Un supporteur de Laurent Gbagbo célèbre, devant la Cour pénale internationale à La Haye (Pays-Bas), la remise en liberté conditionnelle de l’ancien président ivoirien, le 1er février 2019. / Piroschka Van De Wouw / REUTERS
Chronique. Sept ans de prison pour rien. La procédure judiciaire lancée devant la Cour pénale internationale (CPI) contre Laurent Gbagbo s’est achevée, le 15 janvier, par un fiasco retentissant pour l’accusation, et par ricochet pour la justice internationale. L’ancien président ivoirien, mais aussi Charles Blé Goudé, l’ex-leader des Jeunes patriotes qui faisaient office de milice du régime pendant la crise en Côte d’Ivoire, sont libres. Comment en est-on arrivé là ?

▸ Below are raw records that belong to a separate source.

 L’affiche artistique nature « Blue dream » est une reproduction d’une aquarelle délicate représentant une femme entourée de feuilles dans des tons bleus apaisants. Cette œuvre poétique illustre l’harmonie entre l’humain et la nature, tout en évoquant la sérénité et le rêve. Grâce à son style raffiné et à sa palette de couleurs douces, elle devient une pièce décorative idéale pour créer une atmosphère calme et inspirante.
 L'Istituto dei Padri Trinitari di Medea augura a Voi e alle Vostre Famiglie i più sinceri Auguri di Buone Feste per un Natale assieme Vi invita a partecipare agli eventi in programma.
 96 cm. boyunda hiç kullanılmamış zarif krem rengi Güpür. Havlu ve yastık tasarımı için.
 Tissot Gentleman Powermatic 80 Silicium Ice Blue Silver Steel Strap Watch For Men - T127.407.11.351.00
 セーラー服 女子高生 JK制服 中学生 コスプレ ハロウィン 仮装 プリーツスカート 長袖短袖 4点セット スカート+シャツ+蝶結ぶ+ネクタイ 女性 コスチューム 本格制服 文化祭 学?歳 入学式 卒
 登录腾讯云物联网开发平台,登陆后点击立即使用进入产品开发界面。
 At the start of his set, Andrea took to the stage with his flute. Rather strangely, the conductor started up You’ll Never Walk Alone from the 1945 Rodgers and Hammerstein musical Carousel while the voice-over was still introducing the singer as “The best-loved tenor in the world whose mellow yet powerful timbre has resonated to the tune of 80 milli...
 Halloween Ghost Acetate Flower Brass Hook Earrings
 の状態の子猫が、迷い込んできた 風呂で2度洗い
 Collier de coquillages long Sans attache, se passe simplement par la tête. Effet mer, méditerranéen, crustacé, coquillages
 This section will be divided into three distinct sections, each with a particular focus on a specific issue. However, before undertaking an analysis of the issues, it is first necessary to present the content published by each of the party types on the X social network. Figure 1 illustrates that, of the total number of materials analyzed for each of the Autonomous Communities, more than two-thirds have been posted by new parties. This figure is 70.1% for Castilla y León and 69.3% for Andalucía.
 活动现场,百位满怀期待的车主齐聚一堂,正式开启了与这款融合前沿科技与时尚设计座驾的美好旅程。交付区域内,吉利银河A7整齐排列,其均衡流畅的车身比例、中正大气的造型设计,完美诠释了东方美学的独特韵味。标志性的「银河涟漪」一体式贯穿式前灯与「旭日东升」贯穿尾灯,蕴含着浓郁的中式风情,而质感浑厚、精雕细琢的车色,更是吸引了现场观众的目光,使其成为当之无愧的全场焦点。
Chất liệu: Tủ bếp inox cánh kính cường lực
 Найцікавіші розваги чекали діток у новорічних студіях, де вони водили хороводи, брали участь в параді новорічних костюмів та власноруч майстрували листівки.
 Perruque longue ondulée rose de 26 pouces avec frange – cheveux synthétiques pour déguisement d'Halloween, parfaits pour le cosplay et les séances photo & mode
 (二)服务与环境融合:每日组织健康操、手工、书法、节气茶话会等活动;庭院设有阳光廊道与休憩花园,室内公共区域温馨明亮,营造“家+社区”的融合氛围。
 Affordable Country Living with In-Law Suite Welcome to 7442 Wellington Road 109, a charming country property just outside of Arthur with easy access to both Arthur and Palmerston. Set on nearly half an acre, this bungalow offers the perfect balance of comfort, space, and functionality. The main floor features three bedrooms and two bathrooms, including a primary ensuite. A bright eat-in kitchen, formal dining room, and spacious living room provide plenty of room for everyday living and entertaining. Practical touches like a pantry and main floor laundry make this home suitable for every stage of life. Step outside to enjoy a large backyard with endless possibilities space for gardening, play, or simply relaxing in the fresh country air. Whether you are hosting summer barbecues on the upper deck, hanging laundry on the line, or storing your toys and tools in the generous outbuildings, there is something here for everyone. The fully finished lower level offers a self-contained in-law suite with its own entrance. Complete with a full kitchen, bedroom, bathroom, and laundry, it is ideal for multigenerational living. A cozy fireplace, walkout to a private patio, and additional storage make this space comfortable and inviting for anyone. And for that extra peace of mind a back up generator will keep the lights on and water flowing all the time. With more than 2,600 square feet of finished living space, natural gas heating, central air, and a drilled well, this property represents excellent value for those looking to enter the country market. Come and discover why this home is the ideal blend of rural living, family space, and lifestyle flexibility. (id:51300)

Les responsabilités sont nombreuses et partagées. L’acquittement de Laurent Gbagbo apparaît mécaniquement comme une forme de réhabilitation de l’ancien chef de l’Etat ivoirien. Aussitôt, le chœur des complotistes a repris du service : tout a été fait, disent-ils, notamment du côté de l’ex-puissance coloniale, pour écarter Laurent Gbagbo du pouvoir et installer dans son fauteuil Alassane Ouattara, l’ami du président français de l’époque, Nicolas Sarkozy, et des institutions internationales comme le FMI, où il exerça des responsabilités importantes.
Un cadeau empoisonné
C’est prêter une influence démesurée à Paris qui, au cours de la crise post-électorale en Côte d’Ivoire (de décembre 2010 à avril 2011), serait donc parvenu à manipuler les Nations unies, l’Union africaine (UA), la Communauté économique des Etats de l’Afrique de l’Ouest (Cédéao) et l’Union européenne (UE). Toutes ces organisations ont en effet reconnu, plus ou moins rapidement après le scrutin, la victoire d’Alassane Ouattara.
Cette théorie complotiste permet surtout de délester Laurent Gbagbo de toute forme de responsabilité dans cette crise. Rappelons pourtant une évidence : il n’y aurait pas eu sept ans de procédure à la CPI ni de procès pour rien si l’ancien président ivoirien avait reconnu sa défaite dans les urnes. En tentant de passer en force, il a pris une responsabilité historique, celle de précipiter son pays dans la crise la plus grave qu’il ait connu depuis son indépendance, en 1960.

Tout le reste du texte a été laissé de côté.